Событием, с которого начался отсчет смертельного заболевания цесаревича, считается его участие в скачке на ипподроме в Царском Селе в 1860 г. Во время состязания цесаревич упал с лошади и сильно ушиб спину. Об этом эпизоде упоминали многие мемуаристы. Ф. А. Оом[1075] писал об этом так: «Затеяли скачку на ипподроме в Царском Селе… Цесаревич упал с лошади и ушиб спину. Но, не чувствуя особенной боли, отказался от всяких мер, тотчас же предложенных доктором Шестовым (тогда уже состоявшем при Его Высочестве, по рекомендации И. В. Енохина). Золотуха, которою страдал Великий Князь, бросилась на ушибленное место, которое сделалось уже с тех пор сосредоточием всех последующих страданий. В этом же году мы были в Либаве, где Его Высочеству были предписаны морские купания. В 1861 г. Цесаревич весною, взяв теплую ванну на ночь, отправился с герцогом Н. М. Лейхтенбергским на охоту в Осиновую рощу. Возвратившись на другой день домой, Цесаревич у Императрицы хотел проделать с Великим Князем Сергеем Александровичем то, что делал ежедневно, т. е., обняв брата, перебросить его через свое плечо, но вдруг почувствовал такую боль в спине, что упал и, встав, не мог выпрямиться. Его снесли в постель, в которой он пролежал почти две недели. Помогло только электричество. И действительно, на этот раз болезнь была не более как прострел (lumbago), но появилась все-таки на больном, ушибленном месте. Этим успешным применением электричества впоследствии были вводимы в заблуждение все пользовавшие Его Высочество медики.
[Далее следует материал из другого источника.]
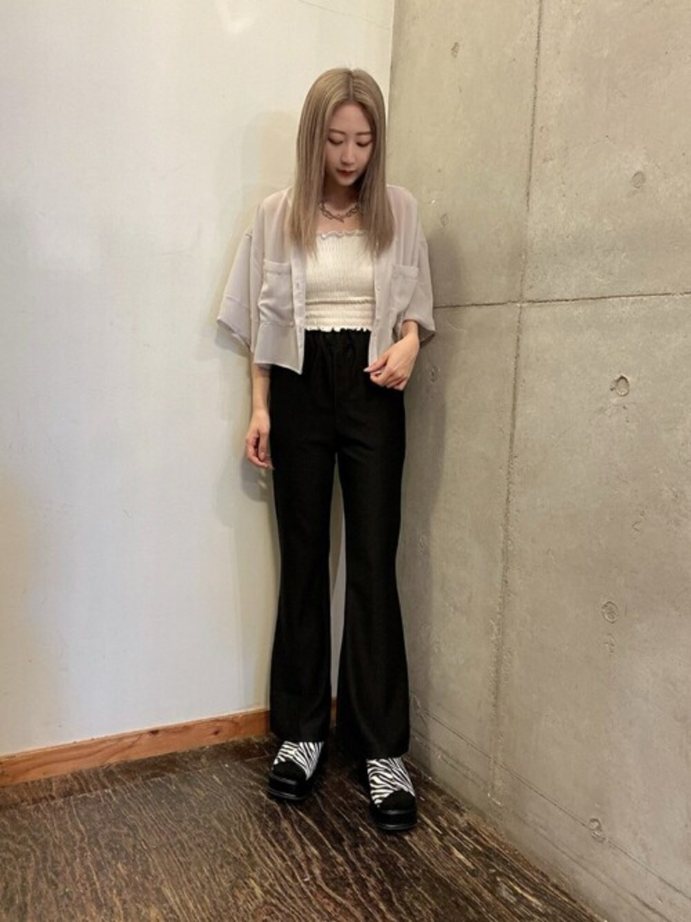 WEGO(WEGO STAFF)のシャツ/ブラウス「DISPARK /バンドカラーショートシャツ」を使ったコーディネート

Постоянно все они твердили, что болезнь ревматического свойства, но мало было обращаемо внимания именно на то обстоятельство, что ревматизм этот избрал место именно то, которое было ушиблено и сделалось гнездом золотушных отложений».[1076]
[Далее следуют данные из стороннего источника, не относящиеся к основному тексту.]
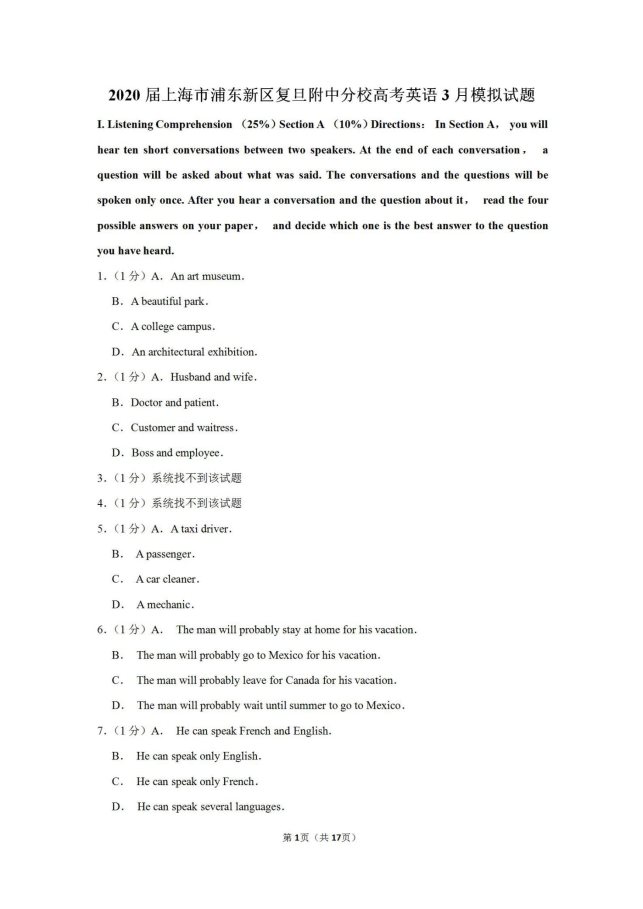 2020年上海市高考英语3月模拟试题(含答案) 时间:2020-05-31 10:59 英语试题 球速在线官网 | 乐动官方网页版 | 拼搏在线平台(中国)官网 | 易游手机站·官方版在线 | 米乐手机站·官方版在线 | 万搏线上平台 | 球友会·体育 | IM官方网页版 | 千亿手机站·官方版在线 |

Пытались лечить наследника методами врачебной гимнастики. Как свидетельствует М. П. Фредерикс, «каждый день приходил гимнаст и насильно выпрямлял несчастного страдальца, который кричал и плакал от страшных страданий. Тогда говорили его окружающие, что он бабится».[1077]
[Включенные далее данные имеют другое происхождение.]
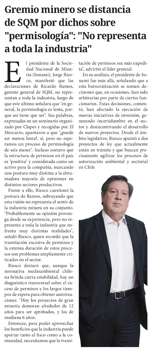 Gremio minero se distancia de SQM por dichos sobre "permisología": "No representa a toda la industria" - (emol)

Болезнь постепенно прогрессировала, и в ноябре 1863 г. помощник воспитателя великого князя Александра Александровича (будущего императора Александра III. – И. З.) Н. П. Литвинов отметил в дневнике в ноябре 1863 г.: «Александр Александрович был у наследника, у которого, кажется, новый нарыв, и он почти не ходит».[1078] О заболевании цесаревича становится достаточно широко известно. По воспоминаниям князя В. П. Мещерского, в 1864 г., после Пасхи, «Цесаревич впервые занемог и должен был остаться в Петербурге. Чем именно он занемог – трудно было сказать, ибо состоявший при нем доктор Шестов сам ограничивался догадкою, что это маленькая простуда. Но когда я вошел в спальню Цесаревича, я увидел его лежащим на кровати. С лицом, совсем белым, как полотно. Я испугался своего впечатления и никак не мог уяснить себе, чтобы маленькая простуда могла отразиться на лице такою страшною переменою. Сам же Цесаревич жаловался только на слабость. И по временам на боли в пояснице. Его лицо приняло какой-то желтоватый оттенок и как-то осунулось, в особенности в нижней его части».[1079]